Our team previously reported some protective effect of FAS on sperm parameters and sperm miRNA profiles across multiple generations (Herst et al., 2019; Lessard et al., 2019). In this study, however, we observed few noticeable protective effects of direct or ancestral FAS exposure on skeletal development. Prenatal dietary FAS did not counteract delayed ossification and reduced length of long bones in fetuses exposed to POPs in any generation. Moreover, FAS alone led to a similar phenotype to POPs exposure in the F1 generation, with decreased ossification of the front paws. FAS also led to negative effects on pregnancy outcomes, namely fertility rates and preimplantation losses in F3 fathers (Lessard et al., 2019). Our team also showed that FAS could not prevent the deleterious consequences of POPs exposure on lipid homeostasis in male descendants (Navarro et al., 2019). Taken together, therefore, FAS inconsistently prevents the negative effects associated with POPs exposure that occurred over several generations. The timing of exposure may have been insufficient since the FAS lasted only as long as direct exposure to POPs. It is also possible that FA sufficiency, as represented by the control diet, provided a maximal protective effect against POPs and therefore FAS provided no additional benefits. It is possible that a more severe phenotype would have been observed in rats exposed to POPs and a FA-insufficient diet.

Conclusion

In conclusion, this study identifies the skeleton as a susceptible organ system to POPs exposure during the perinatal period, with multigenerational skeletal phenotype alterations. The phenotypes observed were modest, but they reflect the consequences of real-life exposure levels. Indeed, the environmentally relevant POPs mixture is designed to approximate the body burdens observed in human populations in northern Canada (Anas et al., 2005) and the dietary FA levels are physiological, and approximate a level of FA intake achievable by women consuming prenatal supplements and FA fortified foods (Swayne et al., 2012b).

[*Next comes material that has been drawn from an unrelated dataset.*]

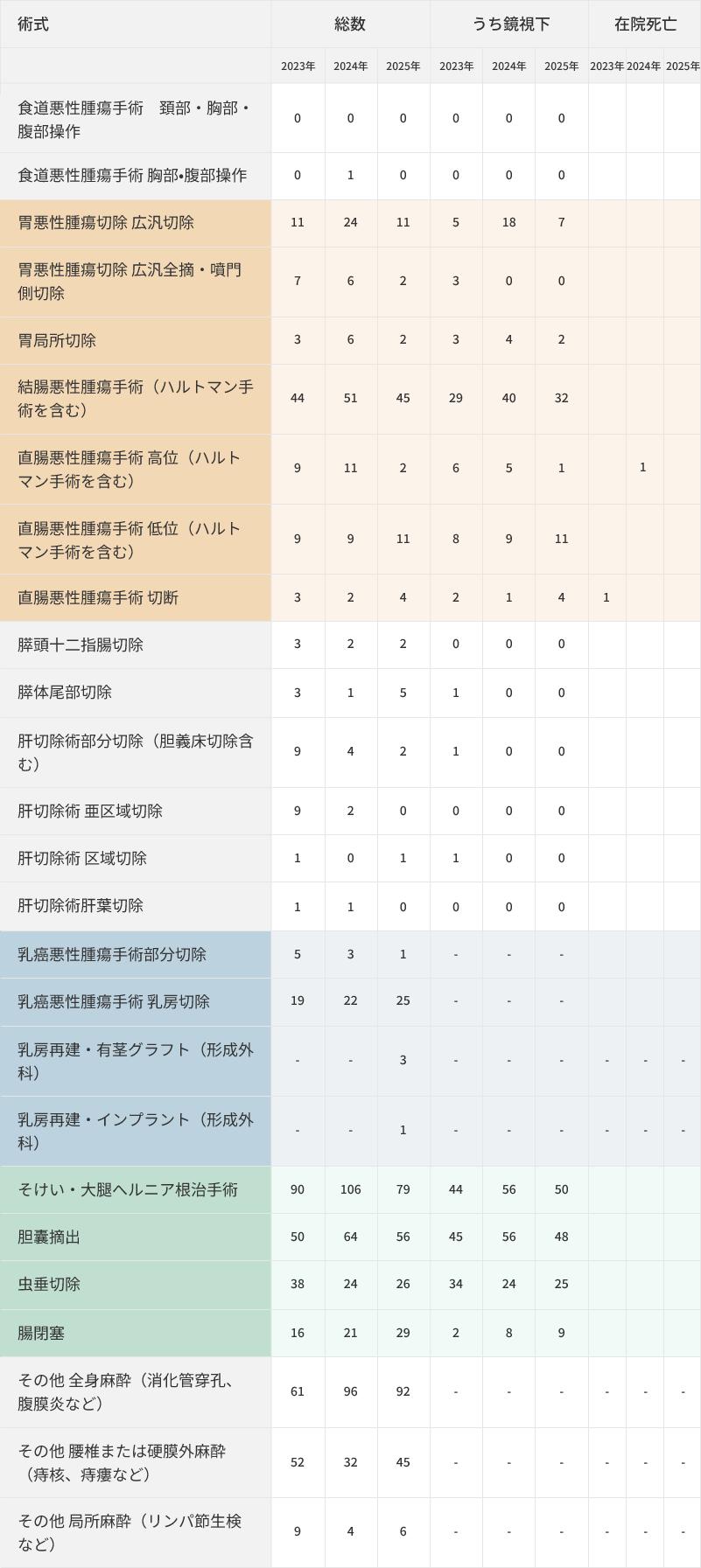 大きな手術を同時に行った場合、それぞれカウントしています。

The nutritional solution tested here did not successfully counteract the effects of POPs exposure, but a lifetime exposure or other nutritional strategies may warrant investigation. Nevertheless, the consequences of POPs exposure are not only persisting throughout the individuals’ lifetime, but also over generations. This is of importance, as human populations and wildlife living in regions that are persistently contaminated with these environmental toxicants show impaired reproductive functions and increased adverse pregnancy outcomes (Sonne, 2010; Auger et al., 2013; Vested et al., 2014). This research thus stresses the importance of preventing exposure to POPs and finding an accessible, protective alternative with positive health implications for Inuit and their children.